Workload Analyzer finds two issues:

  • In record 1, the date_ordered column in the store.store_orders_fact table likely has stale statistics, so Workload Analyzer suggests running ANALYZE_STATISTICS on that column. The function output also returns the query to run. For example:

    => SELECT ANALYZE_STATISTICS('store.store_orders_fact.date_ordered');
    
  • In record 14, Workload Analyzer identifies an under-performing query in the tuning_parameter column. It recommends to use the Database Designer to run an incremental design. Workload Analyzer rates the potential cost as HIGH.

System table recommendations

You can also get tuning recommendations by querying system table TUNING_RECOMMENDATIONS, which returns tuning recommendation results from the last ANALYZE_WORKLOAD call.

=> SELECT * FROM tuning_recommendations;

System information that Workload Analyzer uses for its recommendations is held in SQL system tables, so querying the TUNING_RECOMMENDATIONS system table does not run Workload Analyzer.

See also

Collecting database statistics

2 - Workload analyzer recommendations

Workload Analyzer monitors database activity and logs recommendations as needed in system table TUNING_RECOMMENDATIONS.

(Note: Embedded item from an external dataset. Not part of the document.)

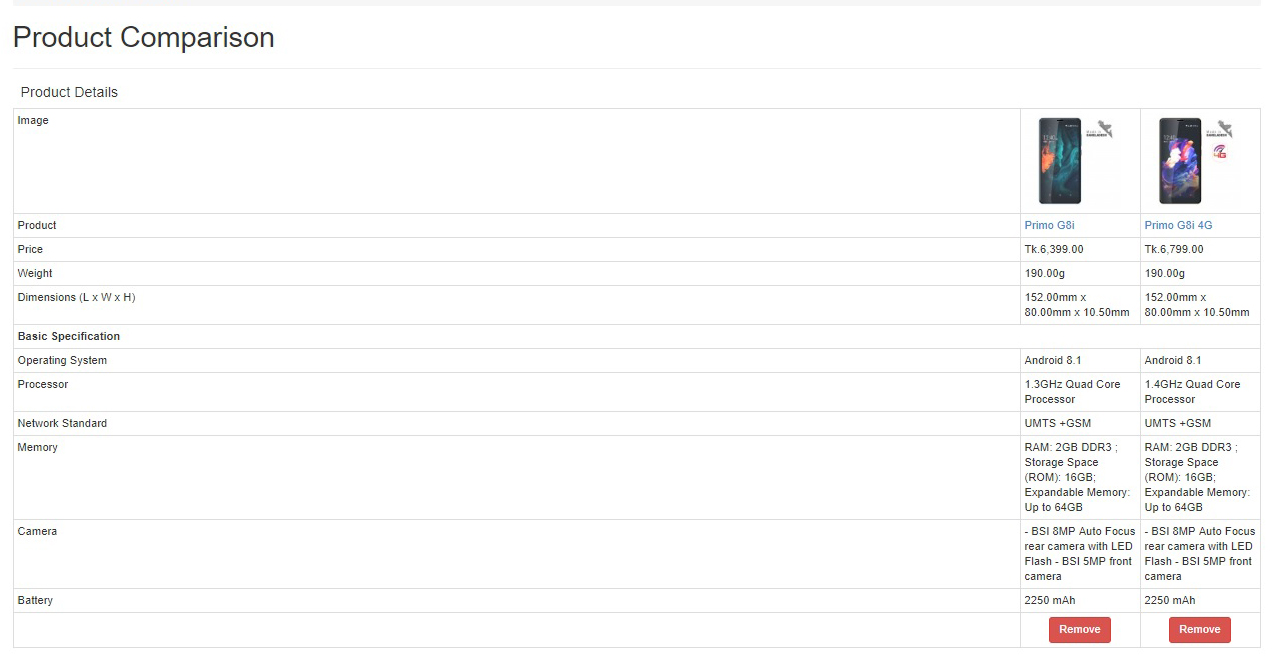 প্রিমো জি৮আই ৪জি কে প্রিমো জি৮আই এর সাথে তুলনা করতে হলে, কেবল একটি বিষয়ই উঠে আসবে আর তা হল এর প্রসেসর, কানেকটিভিটি এবং দাম। প্রসেসর এর দিক দিয়ে এই দুটি ডিভাইস সামান্য আলাদা। প্রিমো জি৮আই'তে ছিল ১.৩ গিগাহার্জ কোয়াড কোর প্রসেসর আর এতে পাওয়া যাবে ১.৪ গিগাহার্জ কোয়াড কোর প্রসেসর। আর প্রিমো জি৮আই এর দাম ৬৩৯৯ টাকা আর প্রিমো জি৮আই ৪জি এর দাম ৬৭৯৯ টাকা।

Workload Analyzer monitors database activity and logs recommendations as needed in system table TUNING_RECOMMENDATIONS. When you run Workload Analyzer, the utility returns the following information:

  • Description of the object that requires tuning

  • Recommended action

  • SQL command to implement the recommendation

Common issues and recommendations

Issue Recommendation
No custom resource pools, user queries are typically handled by the GENERAL resource pool. Create custom resource pools to handle queries from specific users.
A projection is identified as rarely or never used to execute queries: Remove the projection with DROP PROJECTION
User with admin privileges has empty password. Set the password for user with ALTER USER...IDENTIFIED BY.
Table has too many partitions. Alter the table's partition expression with ALTER TABLE. Also consider grouping partitions and hierarchical partitioning.
Partitioned table data is not fully reorganized after repartitioning. Reorganize data in the partitioned table with ALTER TABLE...REORGANIZE.
Table has multiple partition keys within the same ROS container.
Tuple Mover's MoveOutInterval parameter setting is greater than the default value. Decrease the parameter setting, or reset the parameter to its default setting.
Average CPU usage exceeds 95% for 20 minutes. Check system processes, or change resource pool settings of parameters PLANNEDCONCURRENCY and/or MAXCONCURRENCY. For details, see ALTER RESOURCE POOL and Built-in resource pools configuration.
Excessive swap activity; average memory usage exceeds 99% for 10 minutes. Check system processes
A table does not have any Database Designer-designed projections. Run database designer on the table. For details, see Incremental design.
Table statistics are stale. Run ANALYZE_STATISTICS on table columns. See also Collecting database statistics.
Data distribution in segmented projection is skewed. Resegment projection on high-cardinality columns. For details, see Designing for segmentation.
Attempts to execute a query generated a GROUP BY spill event. Consider running an incremental design on the query.
Internal configuration parameter is not the same across nodes. Reset configuration parameter with ALTER DATABASE...SET
LGE threshold setting is lower than the default setting. Workload Analyzer does not trigger a tuning recommendation for this scenario unless you altered settings and/or services under the guidance of technical support.
Tuple Mover is disabled.
Too many ROS containers since the last mergeout operation; configuration parameters are set lower than the default.
Too many ROS containers since the last mergeout operation; the TM Mergeout service is disabled.